The WEIRD Henrich book

Joseph Henrich’s The WEIRDest People in the World is now out. Here is one review. I am about half way through, and I am likely to rate the book as highly as The Secret of Our Success, with little overlap between the two.

His main claim is that using statistical analysis, he and his colleagues have shown that: (a) where the Christian church has its deepest roots, people are less strongly embedded in kin-based clans, with cousin marriage being a strong component of the clan society; and (b) where clan structures have broken down, individualism and what we might call the psychology of the liberal enlightenment are more likely to have emerged.

I wrote about some of his research here.

I will want to go back and re-read MacFarlane’s The Origins of English Individualism (cited by Henrich but seemingly not much discussed, and Mark Weiner’s Rule of the Clan, also cited but seemingly not discussed. I reviewed Weiner here.

7 thoughts on “The WEIRD Henrich book

  1. I like this line from the “Atlantic” book review:
    “His quarry are the ‘enlightened’ Westerners—would-be democratizers, globalizers, well-intended purveyors of humanitarian aid—who impose impersonal institutions and abstract political principles on societies rooted in familial networks, and don’t seem to notice the trouble that follows.”

    P.T. Bauer would approve.

  2. There was mounting ’mong Graemes of the Netherby clan;
    Forsters, Fenwicks, and Musgraves, they rode and they ran:
    There was racing and chasing on Cannobie Lee,
    But the lost bride of Netherby ne’er did they see.
    So daring in love, and so dauntless in war,
    Have ye e’er heard of gallant like young Lochinvar?
    -Walter Scott

  3. Steve S says he got the idea from Stanley Kurtz in MR comments section. Who probably got the idea from Charles Darwin (inbred?) son, George, who got it from Joe Blow. Who probably wasn’t attracted to his cousin after the wheel was invented and animals domesticated traveling longer distances in temperate climate (unlike inbred arid regions of earth) and also helped start the Catholic Church as a good tax dodge. It’s creationist to argue the church (err state) converted man. Maps not chaps.

  4. Just downloaded for Kindle.

    Question: why is it worth reading vs. “A Farewell to Alms” or “The Company of Strangers”? And, should I start with “The Secret of our Success,” before this one?

    Note: understand that the books don’t necessarily overlap, but trying to understand what is new here.

    Thanks ASK readers for your feedback!

      • I liked the last two paragraphs of Daniel Dennett’s review. It’s a not very veiled challenge to do science rather than politics–which is nice to see in the NYT.

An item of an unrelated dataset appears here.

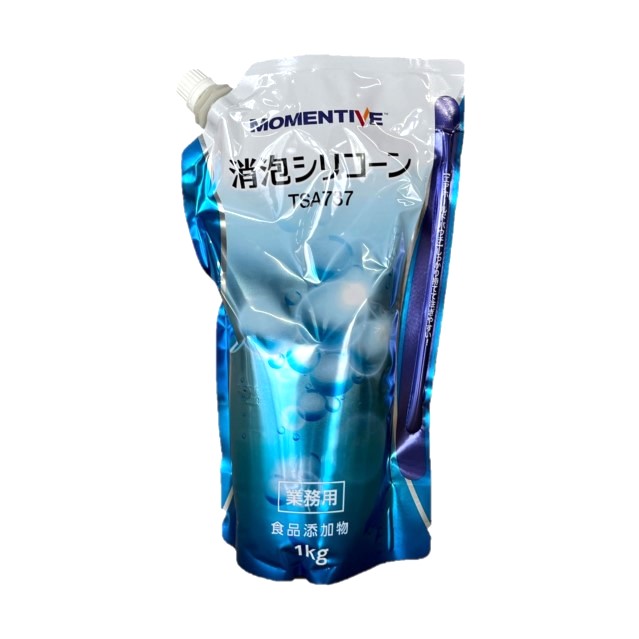 モメンティブ製「TSA737」は、エマルジョン型の食品添加用シリコーン消泡剤で、食品衛生法による食品添加物の「シリコーン樹脂」の規格基準に適合したものです。食品工業における水系発泡液に対して優れた速効性の消泡効果を示します。
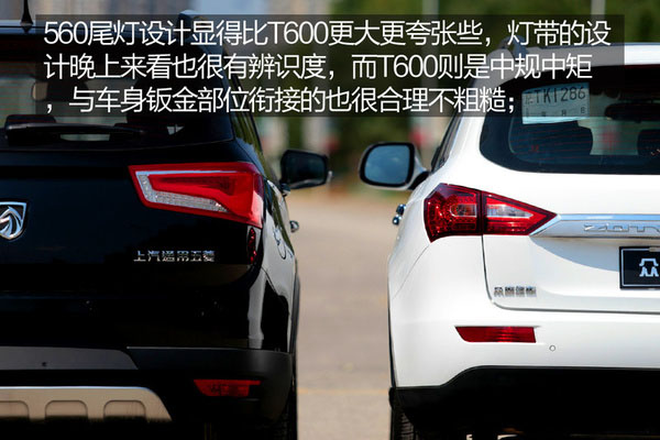 車尾風格相比較之下,寶駿560要略微高一些,這也就直接看出了其底盤結構源自商務車,所以對于按照成熟SUV設計思路來打造的眾泰T600來說絕無可比性。

        “A good statistician (which I am not) should scrutinize the many uses of statistics made by Henrich and his team. They are probably all sound but he would want them examined rigorously by the experts. That’s science. Experts who don’t have the technical tools — historians and anthropologists especially — have an important role to play as well; they should scour the book for any instances of Occam’s broom (with which one sweeps inconvenient facts under the rug). This can be an innocent move, since Henrich himself, in spite of the astonishing breadth of his scholarship, is not expert in all of these areas and may simply be ignorant of important but little-known exceptions to his generalizations. His highly detailed and confident relaying of historical and “anthropological facts impresses me, but what do I know? You can’t notice what isn’t mentioned unless you’re an expert.

        “This book calls out for respectful but ruthless vetting on all counts, and what it doesn’t need, and shouldn’t provoke, is ideological condemnations or quotations of brilliant passages by revered authorities. Are historians, economists and anthropologists up to the task? It will be fascinating to see.”

  5. I just want to point out that the late UCLA economics professor Deepak Lal talked about this decades ago.

    He referred to the Gregorian Revolution, which was the new rules for marriage and sex for converted Europe. I was skeptical at first, but it appears that there is something to it.

    I will point out what is not PC at all. The high degree of close-kin-marriage and polygamy in the Muslim Arab world likely explains the extreme clannishness of that culture, which is a barrier to political and economic development. Some lucky countries hit the jackpot with oil, but that is a gift rather than development.